From the content channel, these kind of things can be extracted:

  • the names of people, places, things, and sometimes other specifics such as money (these are called named entities).
  • the topic of a text, that is what it is about expressed as a single word or phrase (or perhaps a short list of such things). This property is what is used to collect together similar stories in Google News, for example.
  • events that occurred in the text. Although this seems straightforward, it is actually quite difficult and little work has been done on it.
  • a summary of the text. There is a wide range of possible summary styles: a tag cloud is one kind of summary; the snippet that comes below the url in a page of seach results is another; but there are also summaries that consist of sets of sentences drawn from the text that represent the main ideas or content.
  • a narrative from the text. Summaries try to cherry pick ideas from content, while a narrative tries to provide some sense of the flow of events.
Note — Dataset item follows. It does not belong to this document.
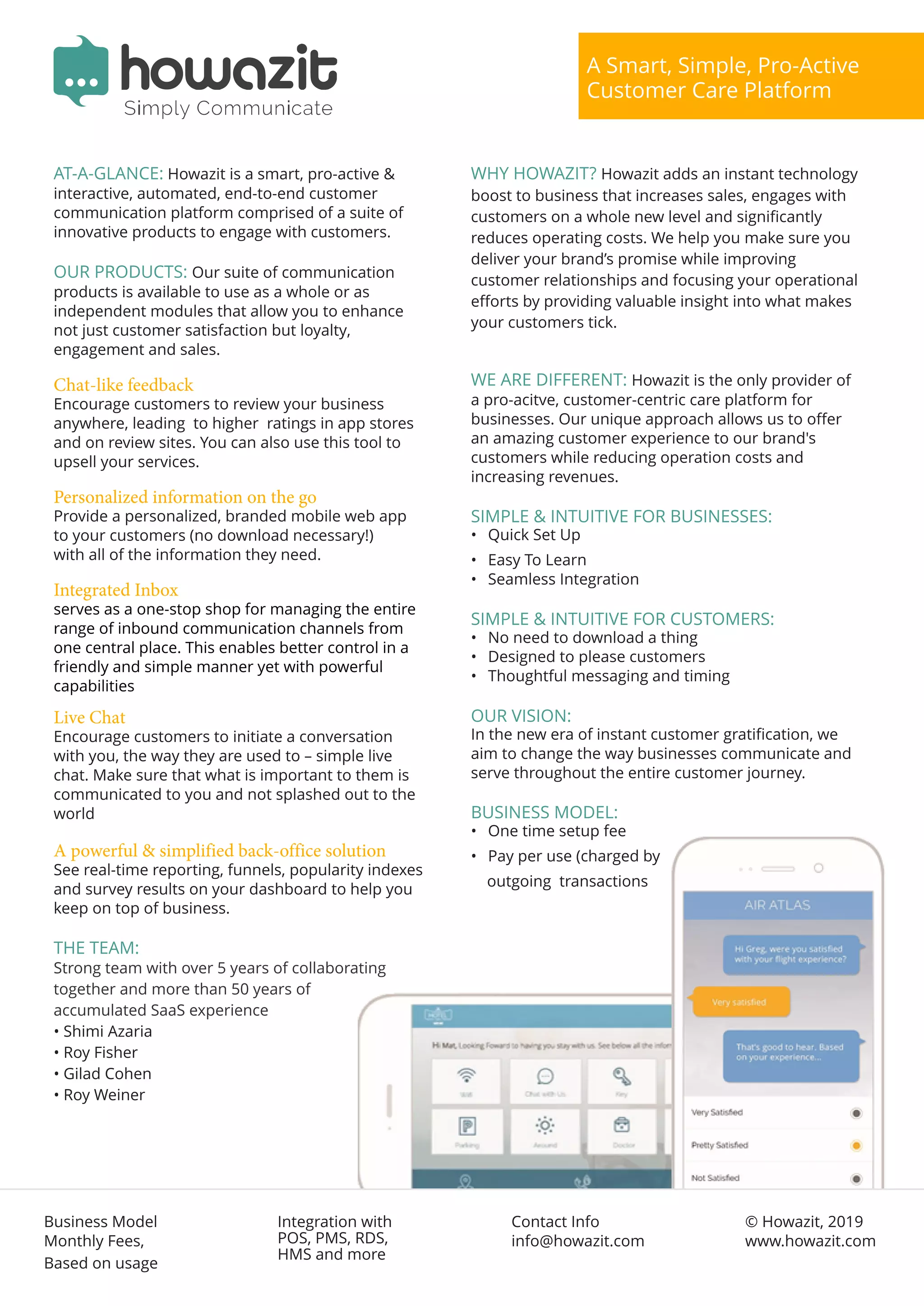 Howazit is a proactive customer care platform that uses technology to boost businesses. It engages customers through personalized communication across multiple channels to improve relationships and provide insights. This increases sales and reduces costs compared to traditional customer support. Howazit offers chat, feedback, mobile apps and a back office dashboard to give businesses control over the entire customer journey through a simple and intuitive interface. The company aims to change how businesses serve customers with an end-to-end communication solution.

All of these techniques make it easier to take a text, usually one of a very large number of texts, and decide whether it is worth looking at the raw text or not.

Other properties of the content channel that are often of interest are:

  • who the author is. This is an old kind of question, going back to questions like: Are Shakespeare’s plays written by Shakespeare, or the Earl of Essex, or someone else. It’s actually a range of questions: was this text written by author A or someone (anyone) else; was this text written by author A or author B; or match this large set of documents and this large set of authors.
  • properties of the author. For example, there is some work on determining author gender, author age, and author first language.

All of these problems have been studied, and many can be solved with knowledge discovery techniques whose accuracies are in the range 70-85%. This sounds pretty good, but is not terribly practical when the set of texts involved is in the tens of thousands. Most people who use Google News will have come across the occasional howler topic that is completely useless, for example.